Another nod for Agfa came when they took the time to analyze Exeter’s workflow to devise a cost-effective solution for viewing images. While other vendors recommended the hospital purchase an abundance of workstations, which would have been very expensive and dominate valuable space within the hospital, Agfa suggested using the Agfa web browser so physicians could access images through the hospital’s Meditech EMR via the web on a regular PC. “It really didn’t make sense for us to invest money in these extra workstations and distribute them around the hospital since the majority of our medical staff uses Meditech to access patient information” Martelli says.

This solution allowed Exeter to deploy only five diagnostic workstations for radiologists (three in the main radiology department and two in the outpatient clinic), and four clinical review stations (two in the emergency department, one in the special care unit, and another in the diagnostic imaging department’s front office). “It lowered the cost of the investment and still allowed us to provide our physicians with quality images” she added.
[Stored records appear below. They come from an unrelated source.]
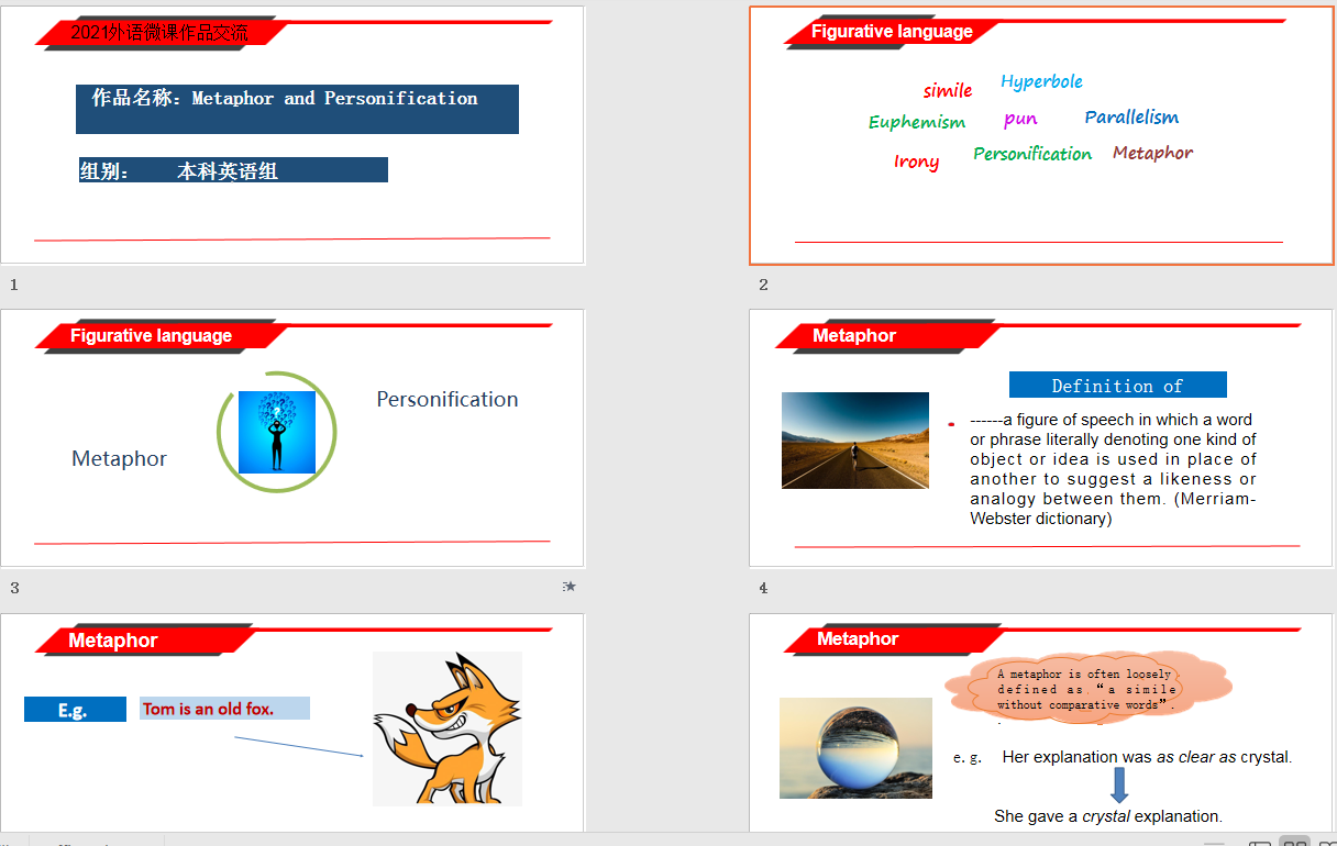 本次全国高等学校外语微课优秀作品征集与交流活动旨在落实立德树人根本任务,助力教育高质量、内涵式发展,构建高水平教师教育体系,加快推进外语教学信息化高质量发展以及在疫情常态化的新形势下线上线下教学的深度融合。我院大学英语教学团队秉持严谨、求实、创新的教学精神,精心设计微课内容,微课作品以学生普遍存在的两种修辞格混淆的问题为切入点,引导学生理解暗喻和拟人两种修辞格的异同,促进学生阅读和赏析能力。微课作品经过反复打磨,最终获得佳绩。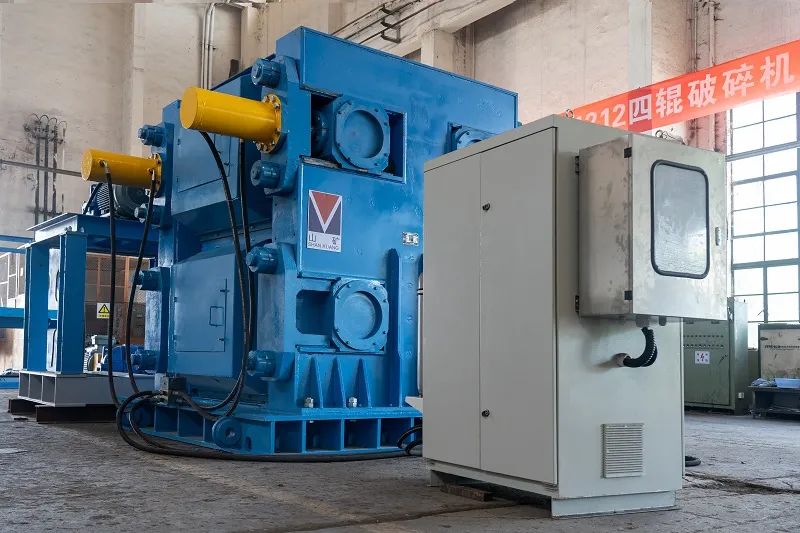 4PG1212四辊破碎机为液压调整的四辊破碎机,主要由电机、减速机、固动辊部、活动辊部、机架体部、机罩部、液压泵站及液压调整部、切削装置、安全防护罩等部分组成,辊子直径为1200mm,棍子长度为1200mm,给料力度≤25mm,出料粒度≤3mm,产量约为70t/h,具有结构紧凑、使用寿命长、破碎比大、产量较高和排料粒度大小可调等优点,广泛应用于冶金行业用于焦炭、无烟煤等细碎破碎。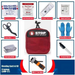 Includes the following contents arranged in a red rip-stop nylon rapidly deployable zippered pack:

The light at the end of the tunnel

It took 18 months to research vendors, make a decision, sign with Agfa, and go live. The PACS was installed and ready for use in March 2003. Exeter Hospital phased in the implementation by first interfacing the ultrasound department to familiarize physicians with the system, moving on to other departments over the next few months. “We did it slowly to give everyone time to learn and to be trained properly. That way we could work out any bugs in the system, instead of having all the departments go live at once,” Martelli says.

Agfa was on-site at several points to offer hands-on training. Physicians received one-on-one IT training that included instruction on network access, use of the Meditech system and a demonstration of the Agfa web application. In addition, a user guide took the reader through basic functions of the application.

For long-term archiving, the PACS utilizes an EMC Centera (Gen 4, software version 3.0.3) that features 8 terabytes (TB) of storage space. It also provides redundancy by automatically duplicating every piece of stored data. An EMC CLARiioN storage area network (SAN) takes care of short-term storage, making two years of data easily accessible via PACS.

Adapting to new technology

Implementing PACS also allowed Exeter Hospital to decrease the amount of time needed to interpret breast MRI examinations. “If we didn’t have PACS, it would take the radiologist up to an hour to read these studies because there are over 1,000 images [per exam], which is over 100 sheets of film,” Martelli says. “PACS allows us to scroll through and manipulate these images very quickly on the workstation.”  

They’re also going to be adding digital mammography in August, which will make images available in PACS for the radiologist and referring physicians to examine. They’re also planning an upgrade to the next version of IMPAX 6.2, which will be web-based. All clinical users will have the same image access and manipulation tools as the radiologist.

“Luckily, we have a CEO who has a great vision, who wants to stay on the leading edge of technology and stay ahead of the competition,” Martelli says. “It’s the vision and goal of the hospital to stay a leader in our region and on the leading edge of technology. This vision gives us the ability to follow through with projects such as this.”